§ **MATERIALS PROVIDED**

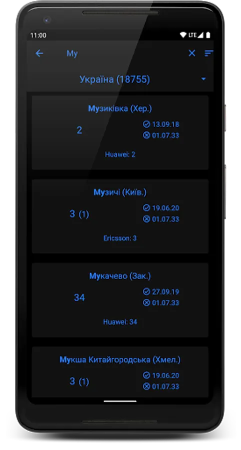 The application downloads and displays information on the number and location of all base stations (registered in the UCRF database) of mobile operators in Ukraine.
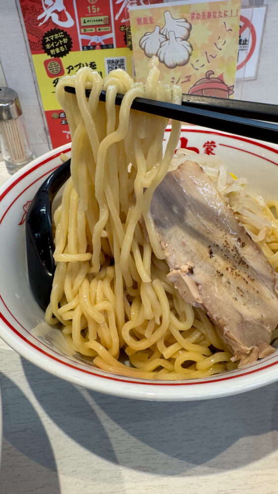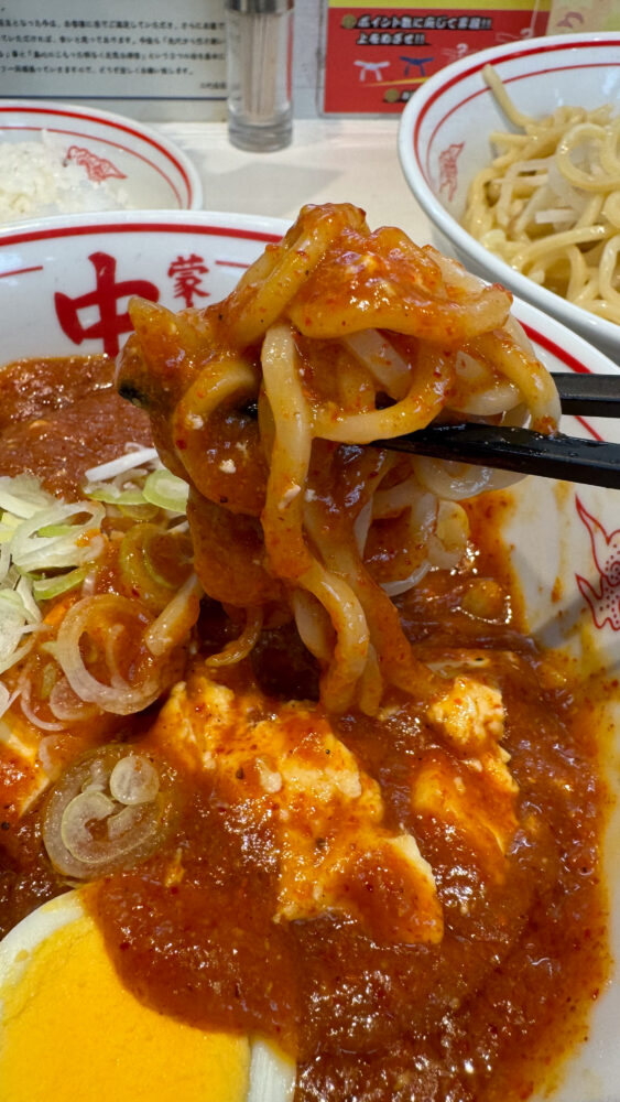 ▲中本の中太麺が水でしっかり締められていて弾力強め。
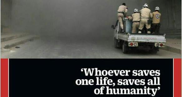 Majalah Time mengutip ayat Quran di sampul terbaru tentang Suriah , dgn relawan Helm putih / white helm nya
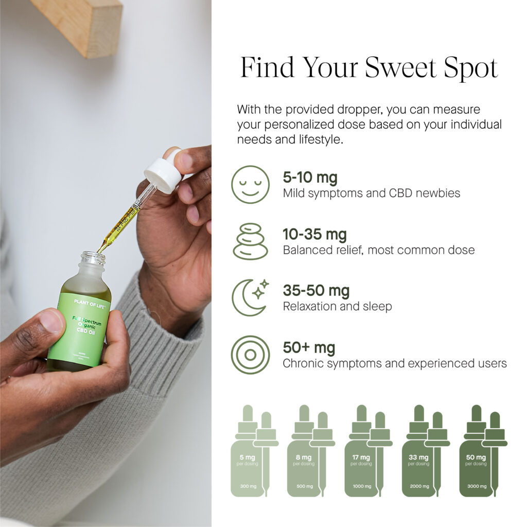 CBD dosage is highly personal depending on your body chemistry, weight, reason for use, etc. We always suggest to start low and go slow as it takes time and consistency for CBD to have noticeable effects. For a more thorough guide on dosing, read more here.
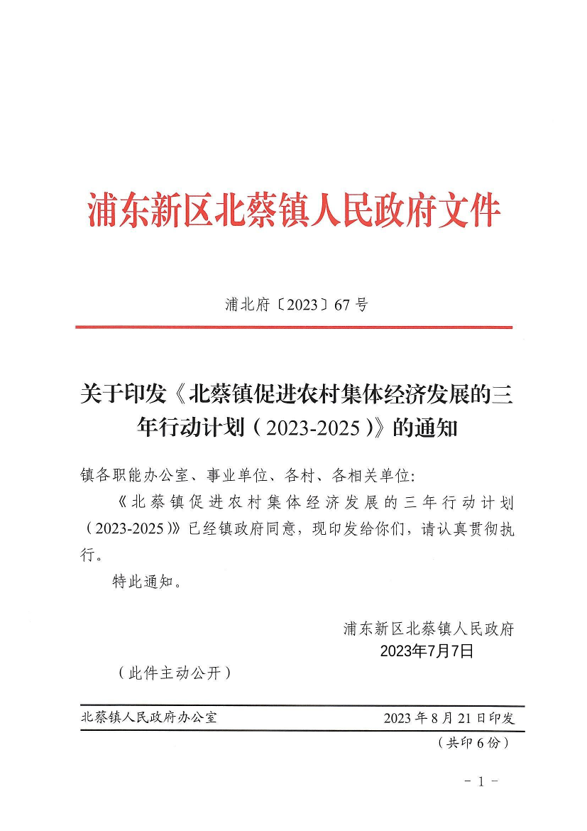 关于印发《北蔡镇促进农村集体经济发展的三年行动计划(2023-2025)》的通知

§ **ASSIGNMENT**
Transcribe each entry above exactly, apart from the pictures.

§ **EXERCISE OUTPUT**
 The application downloads and displays information on the number and location of all base stations (registered in the UCRF database) of mobile operators in Ukraine.
 ▲中本の中太麺が水でしっかり締められていて弾力強め。
 Majalah Time mengutip ayat Quran di sampul terbaru tentang Suriah , dgn relawan Helm putih / white helm nya
 CBD dosage is highly personal depending on your body chemistry, weight, reason for use, etc. We always suggest to start low and go slow as it takes time and consistency for CBD to have noticeable effects. For a more thorough guide on dosing, read more here.
 关于印发《北蔡镇促进农村集体经济发展的三年行动计划(2023-2025)》的通知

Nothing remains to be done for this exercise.